Courtside Acquisition Corp. to Acquire American Community Newspapers LLC
Thursday January 25, 2:00 pm ET
NEW YORK--(BUSINESS WIRE)--January 24, 2007: Courtside Acquisition Corp. ("Courtside") (AMEX: CRB - News), a specified purpose acquisition company, today announced that it has signed a definitive asset purchase agreement with American Community Newspapers LLC ("ACN"). Pursuant to the agreement, Courtside will acquire substantially all of the assets of ACN for $165.0 million. Courtside will also pay up to an additional $15 million in cash if newspaper cash flow for 2008 ranges from $19 million (at which level the contingent payment is $1 million) to $21 million or greater (at which level the contingent payment will be $15 million). In addition, if the Courtside stock price exceeds $8.50 per share for a specified period before July 7, 2009, ACN will receive an additional payment of $10 million. Following the closing of the transaction, expected in the second quarter of 2007, Courtside will be renamed American Community Newspapers Inc. and its securities are expected to trade on the American Stock Exchange. ACN is currently owned by Spire Capital Partners, L.P., Wachovia Capital Partners and members of ACN's senior management.

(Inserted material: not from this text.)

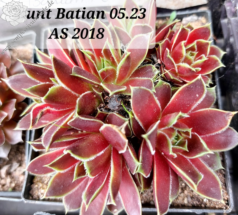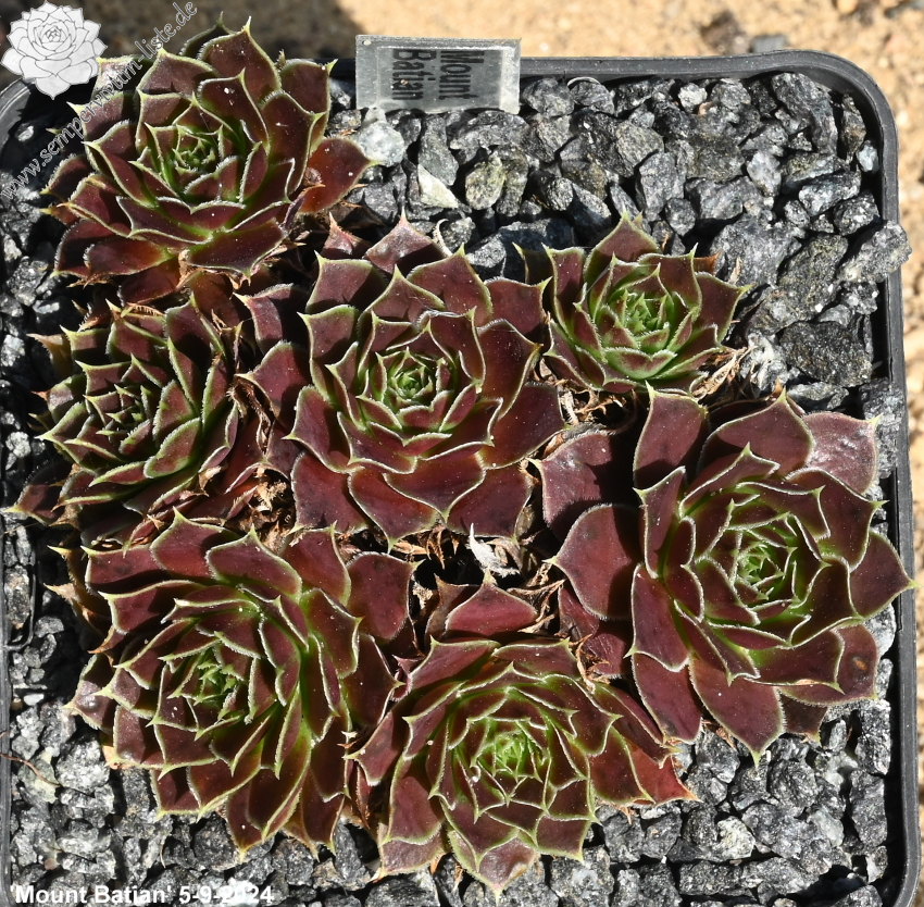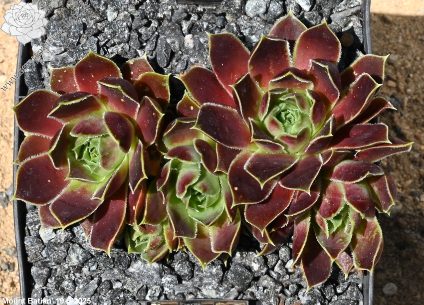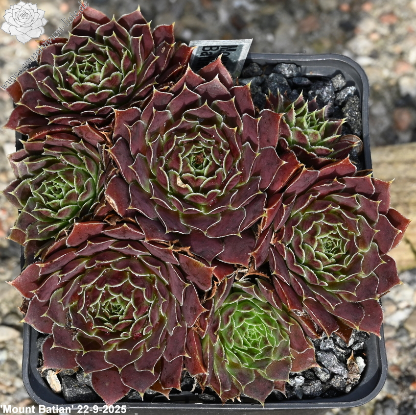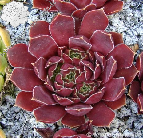 kleine Rosetten, Blätter oval, lang bespitzt, braunrot - weinrot, Herz hellgrün, Blattränder grünlich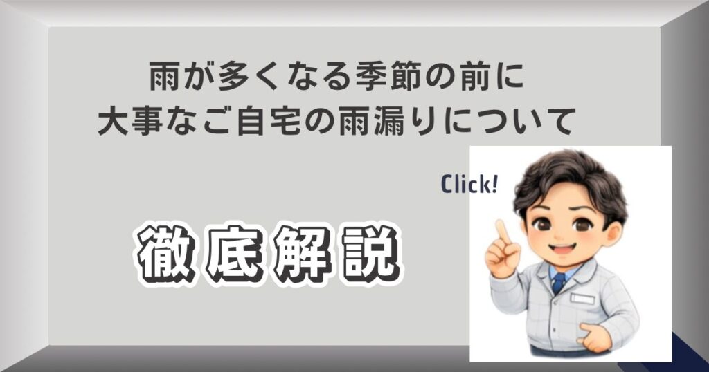 梅雨はまだ先ですが、これからの時期は雨漏りのご相談が増えてきます。

ACN is a group of 73 publications, comprised of 60 weekly suburban newspapers, three daily newspapers and 10 niche publications, and operates in three highly attractive U.S. markets: Minneapolis - St Paul, Dallas - Ft. Worth and suburban Washington DC - Northern Virginia. ACN's award winning group of publications reaches approximately 875,000 households in the suburban communities surrounding these major cities and enjoys market leading circulation penetration in each of its markets. ACN is focused on providing high quality, local editorial content to its readers and targeted advertising packages to local and national advertisers.
For the fiscal year ended December 31, 2006 (pro forma unaudited), ACN generated revenue of approximately $53.5 million and Newspaper Cash Flow and Adjusted EBITDA of approximately $14.4 million and $12.9 million respectively. ACN experienced a compounded annual growth rate in revenue and Adjusted EBITDA from 2004 to fiscal 2006 of 7.1% and 20.6%, respectively.
Following the closing of the transaction, Gene Carr will become the Chief Executive Officer and Chairman of the Board of Courtside. Dan Wilson will become Chief Financial Officer and Jeff Coolman will be the Vice President of Sales and Minneapolis Group Publisher of Courtside, holding the same positions they currently hold for ACN.
Gene Carr commented, "We are privileged to be able to continue our outstanding journalism and the commitment that we have in serving the needs of our readers, advertisers and other community constituents. ACN's dedicated staff of newspaper professionals has continued to produce award-winning newspapers and is widely recognized in the industry as one of the best at what they do in the suburban newspaper industry. The proposed transaction is a great opportunity for our staff and management. During the past 20 months, ACN has purchased four different newspaper groups and successfully launched new media operations in all of our markets. The new ownership structure in the public markets afford us increased resources and the ability to grow American Community Newspapers even faster by launching new newspapers in all three existing metro areas, to acquire other suburban newspapers in each market, as well as the ability to acquire or build similar suburban newspaper groups in other Top 50 markets in the U.S."
Messrs. Richard Goldstein and Bruce Greenwald, Chairman and President, respectively, of Courtside, noted, "Courtside was targeting a business combination in the entertainment, media and communications industries, which would serve as a growth platform. ACN is an ideal choice. It has outstanding assets, a strong record of revenue, newspaper cash flow and EBITDA growth, and in our view, the best management team in the industry, led by Gene Carr, Dan Wilson and Jeff Coolman. All three of these key executives have agreed to long term employment agreements with Gene becoming Chairman of our Board. We are confident in this team's ability to grow this already outstanding business. We fully expect that the combined resources of ACN's asset base and management's proven track record of performance will enable continued EBITDA and Newspaper Cash Flow growth in at least the mid teens."
The acquisition will be financed by Courtside's cash on hand, including approximately $77.0 million held in trust for the exclusive use of effectuating our business combination, and acquisition financing in excess of $100 million for which commitments have been received from BMO Capital Markets, acting as Sole Book Runner and Lead Arranger.
BMO Capital Markets served as principal financial advisor to Courtside in the transaction.
Courtside has received an opinion from Capitalink L.C., an independent investment banking firm, that the purchase price is fair, from a financial point of view, to Courtside's shareholders. The transaction is subject to Courtside's receiving stockholder approval of the transaction and customary closing conditions, including receipt of ACN's 2006 audited financial statements. The transaction is expected to close in the second quarter of 2007.